Afterwards, the exhibition was shown at the Commercial Exhibition Hall of Osaka Prefecture from October 30 to November 25. The exhibition then re-opened in Tokyo at the facilities of Hōsei University from December 23 to January 6. At that time, it was Yokoyama Taikan’s Metempsychosis (The Wheel of Life) that attracted the most attention. From deep inside the mountains, dew rises from the tip of tree leaves, forming into a gentle current that gathers in the valley and enwraps the scattered villages of people living there, and that in harmony with the flow of the seasons turns into a great river, eventually washing away into the ocean. The lifecycle of these drops of water that form into clouds swirling over the sky, then turn into rain falling back onto the earth, is developed by Taikan over the immense span of a scroll almost 41 meters wide. With a designation as Important Cultural Property, it is one of the major works of an artist equally recognized for his works in brilliant color as for his mastery of ink.

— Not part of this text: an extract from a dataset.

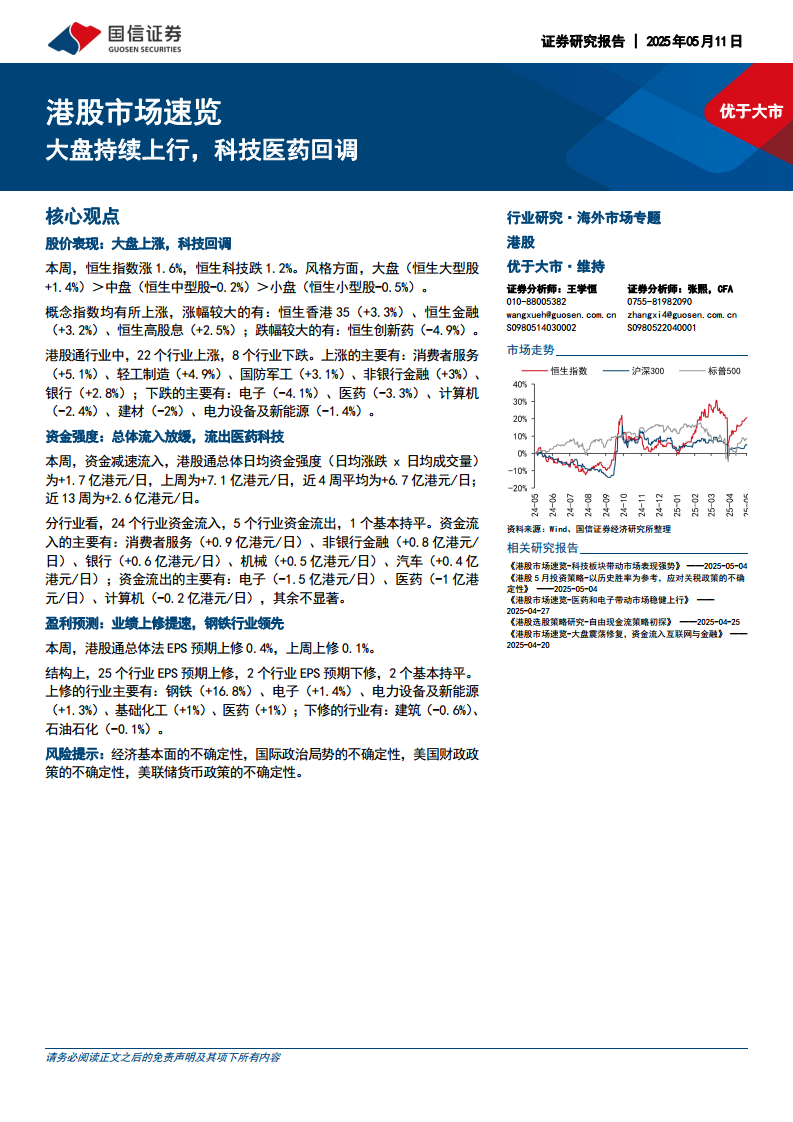 本周港股市场呈现大盘上涨与结构性分化的特征。恒生指数整体上行,但科技和医药板块出现回调。资金流向显示,市场资金从科技和医药板块流出,转而流入消费者服务、非银行金融和银行等传统价值板块。盈利预期方面,港股通总体EPS预期加速上修,其中钢铁行业表现尤为突出,而建筑和石油石化行业则面临下修压力。全球市场方面,A股普遍上涨,美股和部分欧洲市场承压。美债收益率上行,而中国国债收益率下行。投资者需关注经济基本面、国际政治局势、美国财政政策及美联储货币政策的不确定性带来的风险。

The present work, done in the late Taisho era around the same time as Metempsychosis, likewise embodies Taikan’s ample skill in ink painting. The eye of the viewer is naturally guided from foreground to background through a layering of mountain contours that rely on the changes in ink gradation to produce the effect of a spring night, with the faint glistening of the full moon barely permeating the hazy skies. Accentuating with lightly done areas in the right and left of the lower half of the image, the artist implies the height of the mountains and the expanse of the plains at their feet, inviting the viewer’s gaze to enter more deeply into the mountains. At first glance, Spring Night is easily mistaken for a work of the same title that Taikan exhibited together with Quail and Evening Faces at the Second Tankōkai Exhibition of November 1925, but the contour of the mountain on the right and the position of the signature are different. Taikan may have painted the same composition repeatedly, as is the case with the splendidly colored pair of six-panel folding screens Kōyō, or the hanging scroll A Forlorn Wind Blows Over the Cold Yi River (often seen as a reflection on Taikan’s departure from the Japan Art Institute). Therefore it seems probable that the present work dates to around the same time as the work shown at the Tankōkai.

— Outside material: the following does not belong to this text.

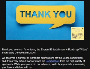 So honored to have been selected as a quarterfinalist in Everard Entertainment + Roadmap Writers’ Short Story Competition. In a very, very crowded marketplace, recognition can be elusive, and impostor syndrome runs rampant, even among writers whose work I consider excellent. Receiving this honor has given me a sense of confidence and validation in my own work, one that I hope to put to good use in future projects.

Nihonga painter from Ibaraki. Taikan was a disciple of Okakura Tenshin and Hashimoto Gaho. He assisted Tenshin in founding the Nihon Bijutsuin (Japan Art Institute), and counts as one of its most important members. Taikan was a jury member of the Bunten (Ministry of Education Art Exhibition), and exerted an influential role on modern nihonga from the Meiji to postwar eras. He was appointed an Imperial Court Artist, and designated as a Person of Cultural Merit. Taikan also received the Order of Culture.